This study presents a comprehensive analysis of the lost foam casting process applied to the 394A wet four-cylinder block, focusing on overcoming challenges associated with its 6 mm wall thickness and complex geometry. Through systematic process optimization, we achieved defect-free castings that met stringent quality requirements, including 0.6 MPa oil pressure testing.
1. Process Design and Optimization
The casting process for the 394A cylinder block incorporates several critical innovations in lost foam casting technology. The gating system design follows fluid dynamics principles to ensure proper filling:
$$ Q = A \cdot v \cdot t $$
Where:
\( Q \) = Total metal volume (m³)
\( A \) = Cross-sectional area of gates (m²)

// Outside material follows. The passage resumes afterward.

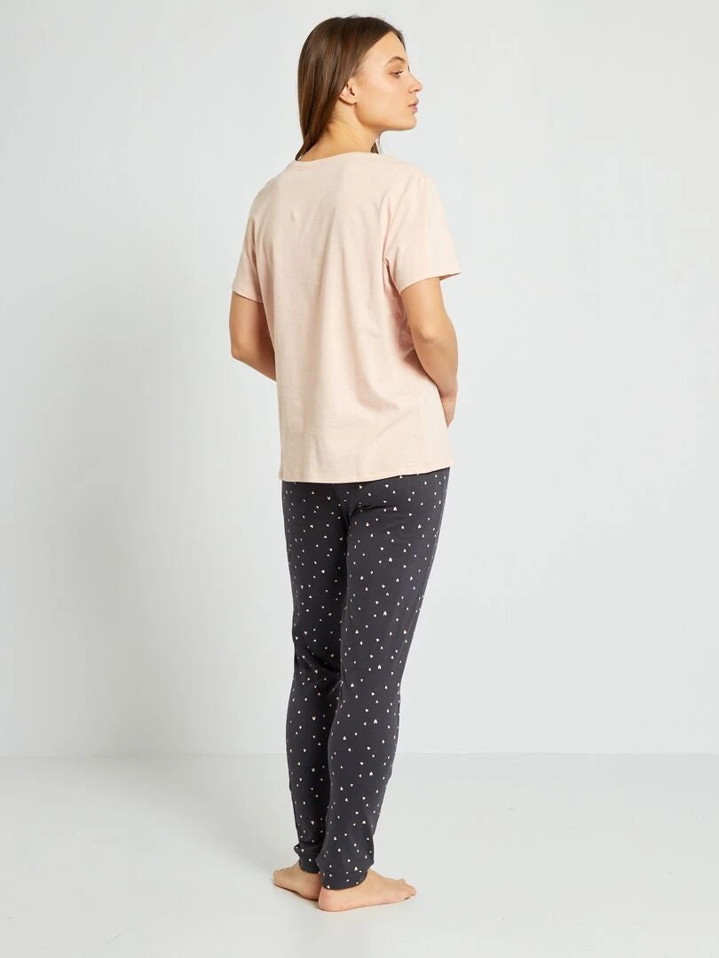 Un pijama con camiseta estampada y pantalón con motivo.

\( v \) = Flow velocity (m/s)
\( t \) = Filling time (s)
| Process Parameter | Value |
|---|---|
| Pouring Temperature | 1,495-1,510°C |
| Coating Viscosity (1st layer) | 74-76 Bé |
| Vibration Time | 80 s |
| Cooling Time | 3 h |
2. Material Composition and Properties
The chemical composition of molten iron was carefully controlled to achieve HT250 specifications:
$$ C_{eq} = C + 0.3(Si + P) $$
| Element | Content (%) |
|---|---|
| C | 3.18-3.25 |
| Si | 1.81-1.90 |
| Mn | 0.80-0.92 |
| Sn | 0.044-0.050 |
3. Coating System Optimization
The KY-II coating system demonstrated superior performance in lost foam casting applications. Its permeability was calculated using:
$$ P = \frac{k \cdot \Delta P}{\mu \cdot L} $$
Where:
\( P \) = Permeability (m²)
\( k \) = Intrinsic permeability
\( \Delta P \) = Pressure differential (Pa)
\( \mu \) = Gas viscosity (Pa·s)
\( L \) = Coating thickness (m)
4. Thermal Management Strategy
The cooling rate significantly impacts microstructure development in lost foam casting. We optimized solidification using:
$$ t_f = \left( \frac{V}{A} \right)^n \cdot K $$
Where:
\( t_f \) = Solidification time (s)
\( V \) = Casting volume (m³)
\( A \) = Surface area (m²)
\( K \) = Mold constant
\( n \) = Empirical exponent
5. Quality Validation
The final castings exhibited excellent mechanical properties:
$$ \sigma_b \geq 250\ MPa $$
$$ HB = 187-241 $$
All castings passed the 0.6 MPa pressure test with zero leakage, demonstrating the effectiveness of our lost foam casting approach for thin-walled components.
6. Process Advantages in Lost Foam Casting
The success of this project highlights three key benefits of lost foam casting technology:
- Superior dimensional accuracy for complex geometries
- Reduced post-processing requirements
- Enhanced environmental sustainability through minimized waste
This research establishes a benchmark for implementing lost foam casting in thin-walled engine component manufacturing, providing valuable insights for similar applications in automotive casting production.